Experimenting with the wine and perceptions of Albariño
When conditions are perfect, as they were in 2011 and yields are up substantially, wineries are experimenting more with ageing in the barrel and in the bottle.
Opinion is divided on the use of oak. Some winemakers point to the traditional vinification vessels and argue that the region has always used oak, while others argue that the clarity and vivacity of the wine is not improved with the extra texture and flavours that oak brings. Almost all the wineries I visited had at least one experimental foudres on the go, if they weren’t already in reasonably large scale production of oak-aged wine as a new line.
The ageing that clearly was working very well was when the wine had spent both time on the lees and time in the bottle.
One quick takeaway of the trip was that Albariño ages very well indeed.
In the case of Pazo Senorans, their aged Albariño is the regular vintage just kept back in the bottle and then labelled some three years later. Their wines were akin to aged GG dry German Riesling – keeping their precise linearity but adding layers of aged fruit and complexity.
Also a revelation was Albariño that had spent three years on the lees and then three years in the bottle. My favourite exponent of this was Adega Eidos and their Contraaparede wine that had much greater volume through the lees contact and had now become a luscious, voluptuous wine that was comparable to a 20 year-old Savenierres, or other aged chenin blanc.
Although some wineries were doing a sparkling, I cannot see this making much of a dent in Cava’s domination of the category in the domestic market.
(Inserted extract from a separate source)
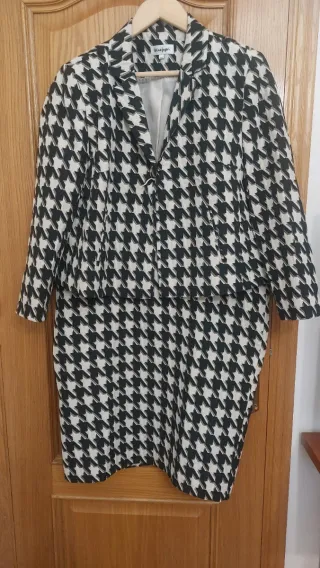 Conjunto de chaqueta y falda con estampado de pata de gallo. - Diseño clásico. - Ideal para ocasiones formales o informales.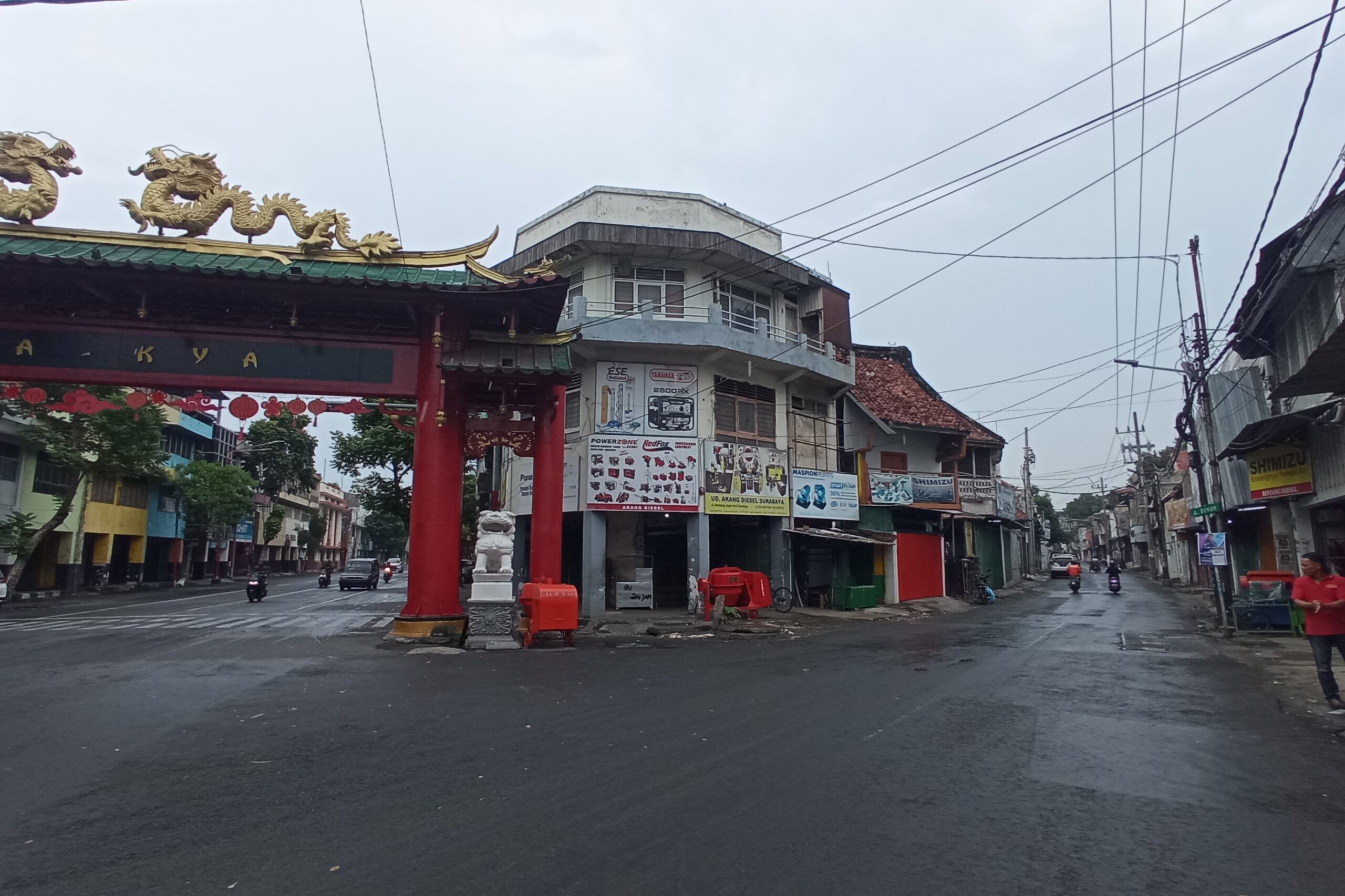Omahaksara.id: Surabaya (11/2/24) – Jalanan di kawasan Pecinan Surabaya sepi pada hari pertama di Tahun Baru Imlek 2575 Kongzili, yang jatuh pada hari Sabtu, 10 Februari 2024. Tahun baru penanggalan Tionghoa ini merupakan Tahun Shio Naga, tepatnya Tahun ꦤꦒꦏꦪꦸ Naga Kayu.

Mar de Frades’ sparkling stood out well in a range tasting and is a great aperitif served with flash-fried pardon peppers, prawns and salted almonds.
Other changes in the region are focusing on changing the perception of Albariño and not just the wine itself.
Developments here include new ways of marketing the wine, introducing new lines that appeal to both an export market and to a particular target demographic – Vionta’s You&Me, for example, is clearly aimed at a younger market, women and, with an English name, the top two export markets – the US and UK.
More niche but perhaps more interesting is the move into making wine out of grapes other than Albariño.
Adegas Valmiñor is a winery that has just added Castanal to its range of varietals.
Not heard of it? Not surprised.
This is a wine made from an almost extinct grape that was discovered by talking to some local farmers. Castanal-100 is the world’s first 100% varietal expression of this grape and fascinating drinking it was – very taut and angular and suited very much to drinkers who like unusual, challenging wines. The wine joins the winery’s extensive range that includes a Godello and 100% Loureiro, called L-100.
Having tried over Albariños of all shapes and sizes, the trip drilled home that even in the least impressive hands the wine offers serious bang for your buck. In the entire trip I didn’t taste one wine that I thought was less than drinkable which really is high praise indeed.
Now, all the the Rias Baixas marketing bods in the DO have to do is find a way that they can get people in international markets to recognise Rias Baixas as easily as they recognise the name Albariño… and maybe even how they pronounce it!
Then they will be doing a very good job indeed.